Two employees of Jindal Steel and Power were arrested in Bolivia, where the company had scrapped its $ 2.1 billion project a few days back.

The company’s property and equipment at Porto Suarez, where the project was supposed to come up, have also been confiscated. The arrested local employees were later released by the police. The local government also filed criminal cases against the company employees.

JSPL in a statement alleged that the arrest was “harassment and victimisation” of its employees “subsequent to JSPL’s termination of contract on July 16, 2012 for investment of $ 2.1 billion in the El Mutun mines in Bolivia“.

The Bolivian government has taken recourse to criminal proceedings against company employees and started “harassing and victimising them”, the company alleged.

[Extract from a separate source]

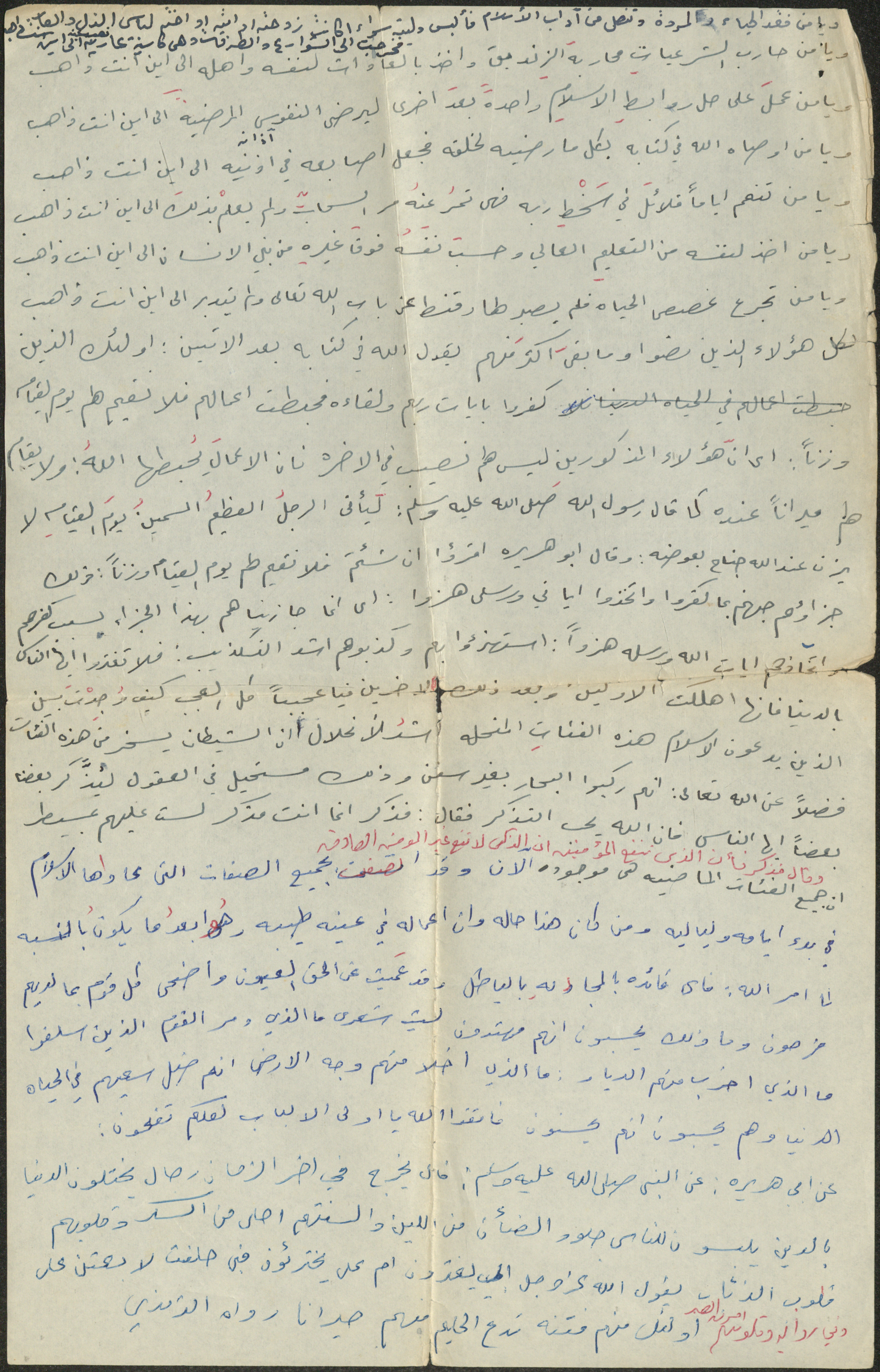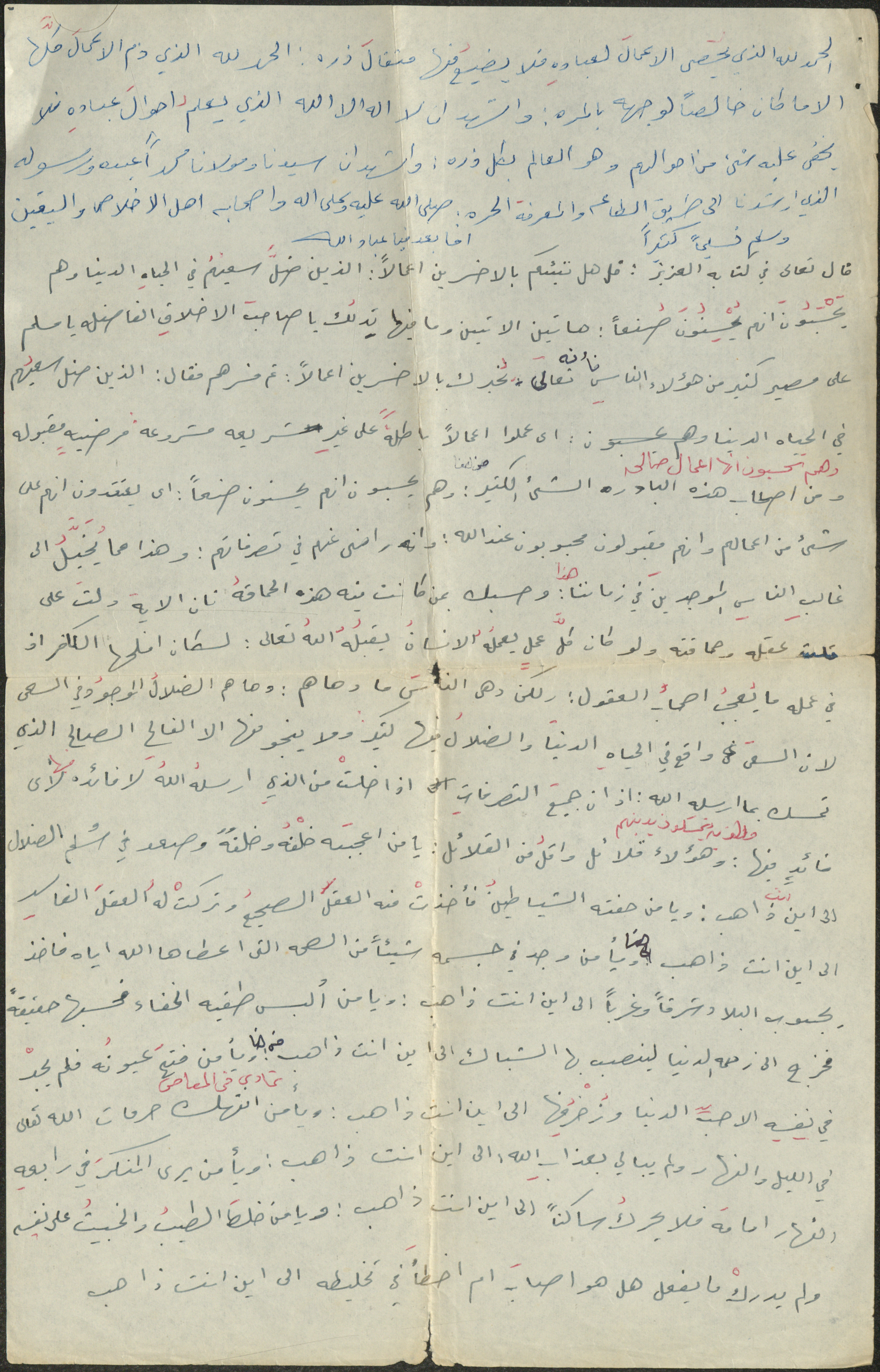 نص خطبة صلاة جمعة للشيخ سعادة حسن ذيب المراشدة، إمام وخطيب مسجد في قرية عقربا ما بين عامي 1962 و2002، تحدث فيها عن الأعمال الخالصة لله وحده.

JSPL said its six Indian employees are still in Bolivia and is making attempts to bring them back considering the scenario there.

“We also want that till such a time law takes its course, the Bolivian government must ensure the safety and security of all our employees and assets that legally belong to us,” a company spokesperson said.

The development comes five days after the company terminated its contract to develop El—Mutun iron ore mines there, besides setting up iron ore pellet and sponge iron plants and a steel mill over fuel supply woes.

The company said on July 16 that it is scrapping the project as the Bolivian government did not fulfil the contract conditions, which included supply of 10 million standard cubic metres per day (MSCMD) of natural gas.

Against this, the Bolivian government was willing to commit only 2.5 MSCMD of gas, it had said earlier.

The project’s cost was pegged at $ 2.1 billion and was considered as the single largest foreign direct investment in the Latin American country.

According to JSPL, yesterday it has been invited by Bolivian Mines Minister, Mr Mario Virreira, for reconciliatory talks on the matter, but it wants the meeting to happen at a neutral place or through video conferencing due to prevailing situation in the country.

“Seeing the prevailing circumstances —— especially pending legal cases against senior employees of our company — the company has proposed holding the meeting at a neutral place or through video conferencing,” JSPL said.

The company also demanded that the Bolivian government should also not allocate the mining rights granted to it to some other firms until the international arbitration over fuel supply issues, initiated in December last year, is concluded.